Last Updated:Feb 27, 2026

When memory usage on an ApsaraDB for MongoDB instance is high, identify the root cause by checking WiredTiger cache utilization, connection counts, and tcmalloc retained memory, then apply the appropriate optimization.

Quick diagnostic checklist

Run through these checks in order:

  1. Check WiredTiger cache utilization. If cache usage exceeds 95% of the configured size, user threads begin evicting pages, which may increase request latency.

  2. Check the cache dirty ratio. If dirty data exceeds 20%, user threads begin evicting dirty pages, causing request blocking.

  3. Check the connection count. Each connection consumes memory. Spikes in connections often correlate with memory spikes.

  4. Check tcmalloc retained memory. tcmalloc may hold large amounts of unreturned memory that the OS cannot reclaim.

  5. Check plan cache size. Queries with many candidate execution plans can inflate the plan cache.

Check memory usage in the console

On the Monitoring Data page of the ApsaraDB for MongoDB console, select the node that matches your database architecture:

  • Replica set instance: Includes one Primary node, one or more Secondary nodes, one Hidden node, and optionally one or more ReadOnly nodes.

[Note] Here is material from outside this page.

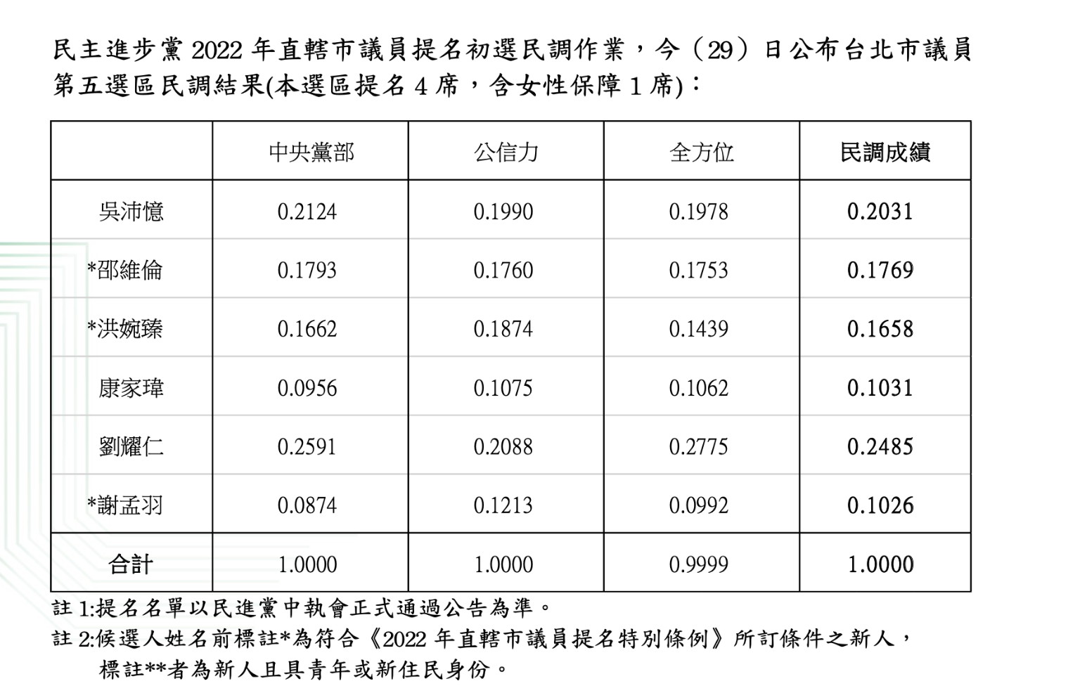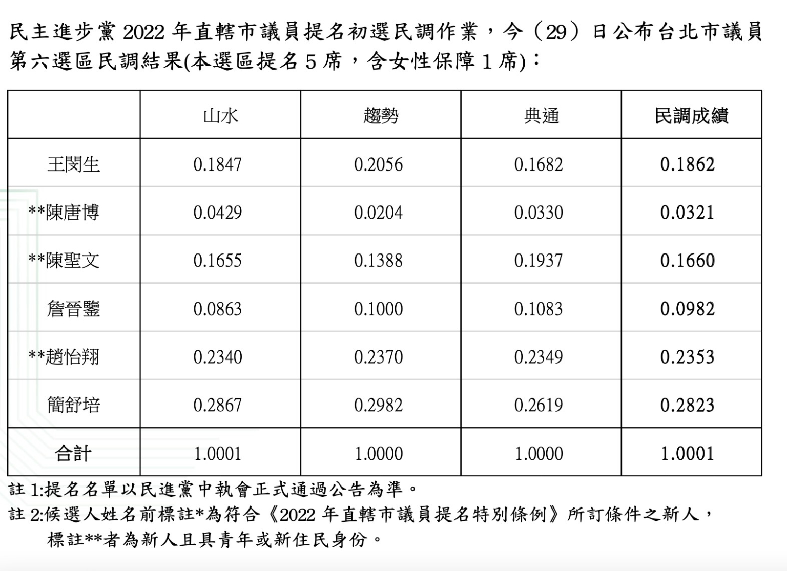 2022年地方選戰,民進黨正在進行議員初選,今(29)公布台北市第5選區(中正、萬華)、第6選區(大安、文山)初選民調結果,中正、萬華選區6搶4提名,現任議員與兩新人新系邵維倫、立委余天支持的洪婉臻出線。第6選區中,備受矚目的口譯哥趙怡翔也以初選民調第2搶下提名。

  • Sharded cluster instance: Each shard follows the same pattern as a replica set. The Config Server stores configuration metadata. Memory usage on Mongos routing nodes depends on the size of aggregation result sets, the number of connections, and the size of metadata.

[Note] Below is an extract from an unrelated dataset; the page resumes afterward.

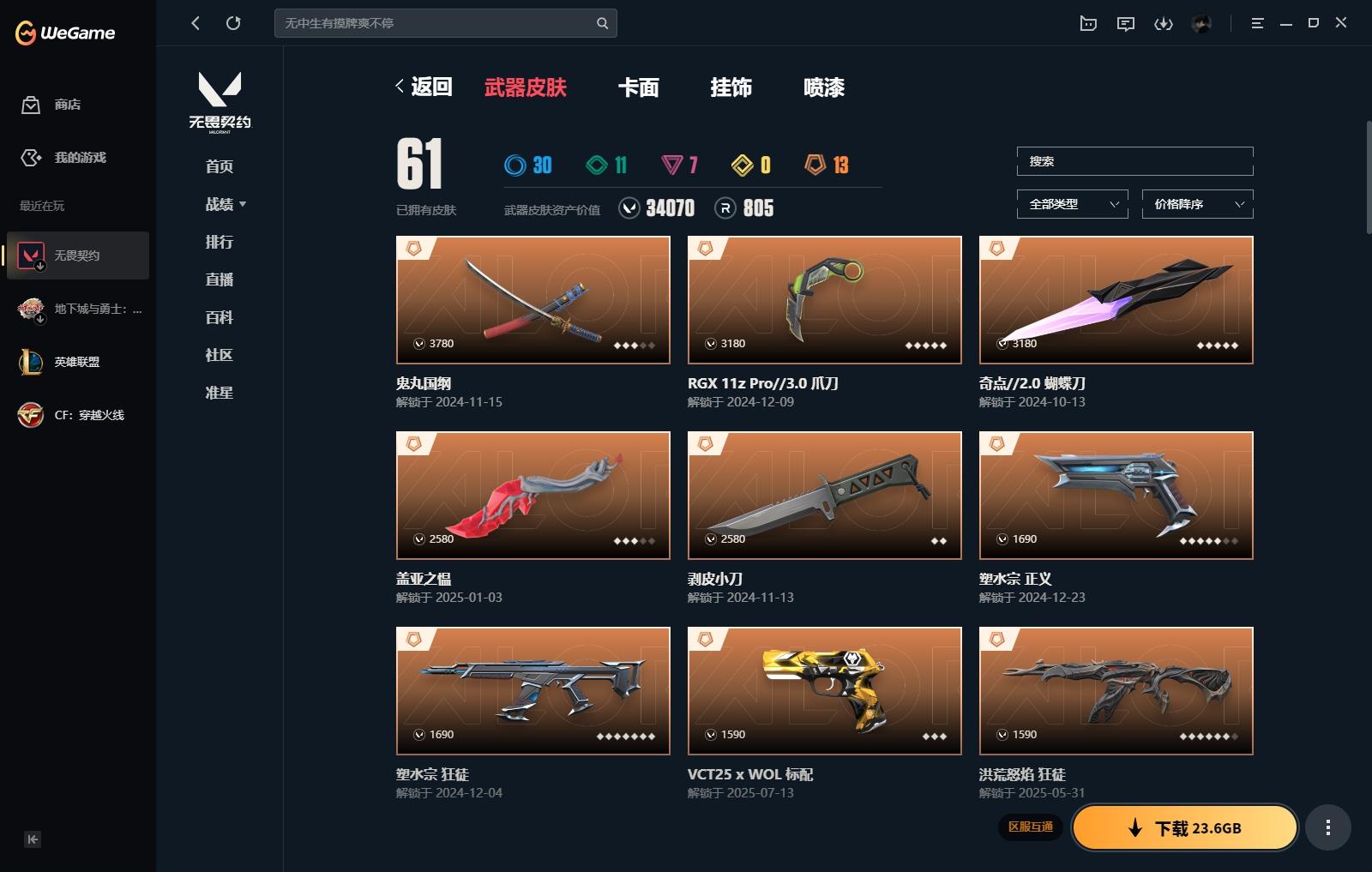 XL 【实名情况】可二次实名 【排位情况】可排位 【账号状态】无封号 【区服】QQ 【游戏等级】Lv88 【游戏段位】白银III 【剩余V点】6 【剩余R点】35 【皮肤资产价值】34070 【使用R点】805 【英雄数量】17 【皮肤数量】61 【卡面数量】77 【喷漆数量】70 【挂件数量】53 【拥有套装】 【拥有近战武器】神圣领域-战刀,荒土机兵-热能刀,奇点//2.0-蝴蝶刀,鬼丸国纲,RGX-11z-Pro//3.0-爪刀,剥皮小刀,盖亚之愠, 【拥有步枪】洪荒怒焰-狂徒,塑水宗-狂徒,紫阙金琅-狂徒,盖亚的复仇-狂徒,侦察力量-幻影,掠影-狂徒,日耀风暴-幻影,神圣领域-獠犬,神圣领域-幻影,荒土机兵-狂徒,幻语魔咒-獠犬,甜蜜战术-戍卫,月球哨兵-戍卫,纳米打击-幻影,逆冲蛮牛-獠犬,逆冲蛮牛-戍卫, 【拥有狙击枪】堕天遗武-冥驹,荒土机兵-冥驹,幻语魔咒-飞将,星云暗涌-冥驹,月球哨兵-莽侠,模拟赫兹-冥驹, 【拥有机枪】日耀风暴-奥丁,神圣领域-战神,纳米打击-奥丁,浮光跃金-战神, 【拥有冲锋枪】荒土机兵-骇灵,超限闪存-蜂刺,星云暗涌-蜂刺,星云暗涌-骇灵,浮光跃金-骇灵, 【拥有霰弹枪】幻语魔咒-雄鹿,甜蜜战术-判官,月球哨兵-雄鹿,逆冲蛮牛-雄鹿,纳米打击-判官,模拟赫兹-雄鹿, 【拥有手枪】VCT25-x-WOL-标配,西部未来-正义,光明哨兵-正义,塑水宗-正义,天界神兵-鬼魅,离子武器-正义,神圣领域-狂怒,荒土机兵-标配,甜蜜战术-鬼魅,幻语魔咒-狂怒,游戏结束-正义,月球哨兵-正义,星云暗涌-鬼魅,纳米打击-正义,逆冲蛮牛-狂怒,浮光跃金-标配,模拟赫兹-鬼魅, 【稀有挂件】V25第三幕铂金挂饰,第九季黄金挂饰,无畏契约GO第一卷贤者挂饰,终章猫猫木乃伊挂饰,猫猫木乃伊挂饰, 【卡面信息】狼人猎手卡面,分崩离析卡面,双城之战拥抱卡面,无畏

Check memory usage from the command line

Connect to the instance with MongoDB Shell and run:

db.serverStatus().mem

Sample output:

{
  "bits" : 64,
  "resident" : 13116,
  "virtual" : 20706,
  "supported" : true
}
  • resident: Physical memory used by the mongod process, in MB.

  • virtual: Virtual memory used by the mongod process, in MB.

For the full serverStatus reference, see serverStatus.

Diagnose WiredTiger storage engine cache pressure

The storage engine cache is the largest memory consumer. ApsaraDB for MongoDB sets wiredTigerCacheSizeGB to approximately 60% of the instance memory specification. For details, see Product specifications.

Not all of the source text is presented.